Freudenthal, Julius, Margot und Betty

Der Kaufmann Julius Freudenthal stammte aus Wetter im Kreis Marburg. Im Melderegister ist er als Einzelhändler, im Adressbuch als Viehhändler registriert. Am 20.8.1927 heiratete er in Cramberg (Lahn) Betti Strauß aus Wasenbach. Gemeinsam ziehen sie in die Kurmainzerstraße 44. Im Juli 1928 kommt Tochter, Margot, in Höchst zur Welt. 1932 folgt der Umzug in die Kurmainzerstraße 21 und 1936 in die Bolongarostr. 128. Das Haus gehörte bis 1938 Julius Würzburger, ihre Wohnung war zuvor von der ebenfalls jüdischen Familie Kahn bewohnt, die 1936 in die Innenstadt zog.

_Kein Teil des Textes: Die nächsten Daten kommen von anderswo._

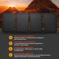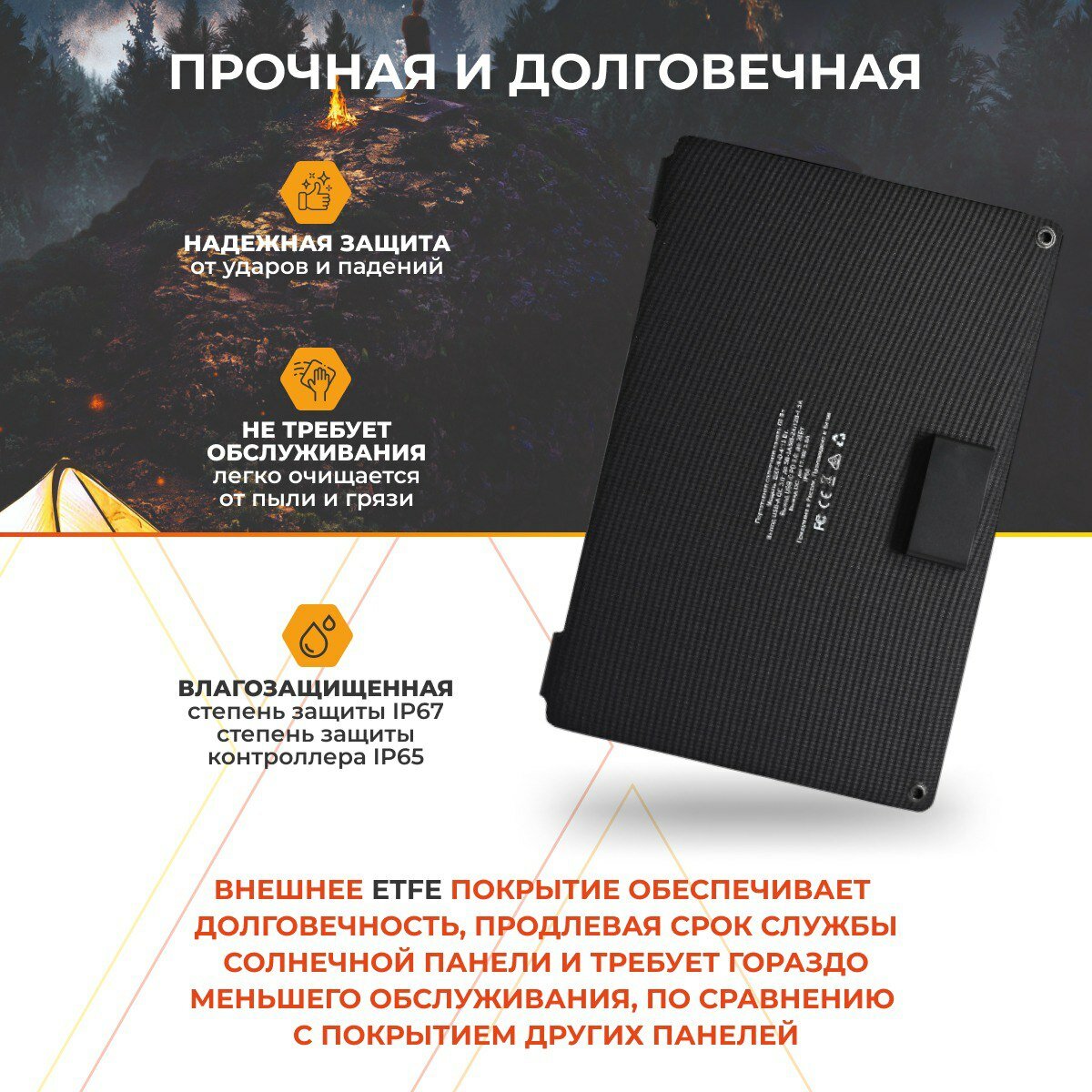 Идеально подойдет для активного отдыха на природе, лодке или в лесу. Благодаря ламинации этфе пленкой и 3мм слою ЭВА панель является антивандальной и ее можно легко переносить в рюкзаке вместе с другими вещами.

Doch bald wurde das Haus „arisiert“. Die Freudenthals mussten am 25.10.1938 in die Kantstraße 5 umziehen. Wahrscheinlich wurde Julius Freudenthal im Rahmen des Novemberpogroms am 10.11.1938 verhaftet und nach Buchenwald gebracht.

 

Mit der Familie wurden auch die Eltern von Julius Freudenthal, der 66-jährige Karl Freudenthal aus Wetter und seine 70 jährige Frau Mathilde, geb. Halberstadt, deportiert, die inzwischen unfreiwillig im Frankfurter Hermesweg 2 wohnten.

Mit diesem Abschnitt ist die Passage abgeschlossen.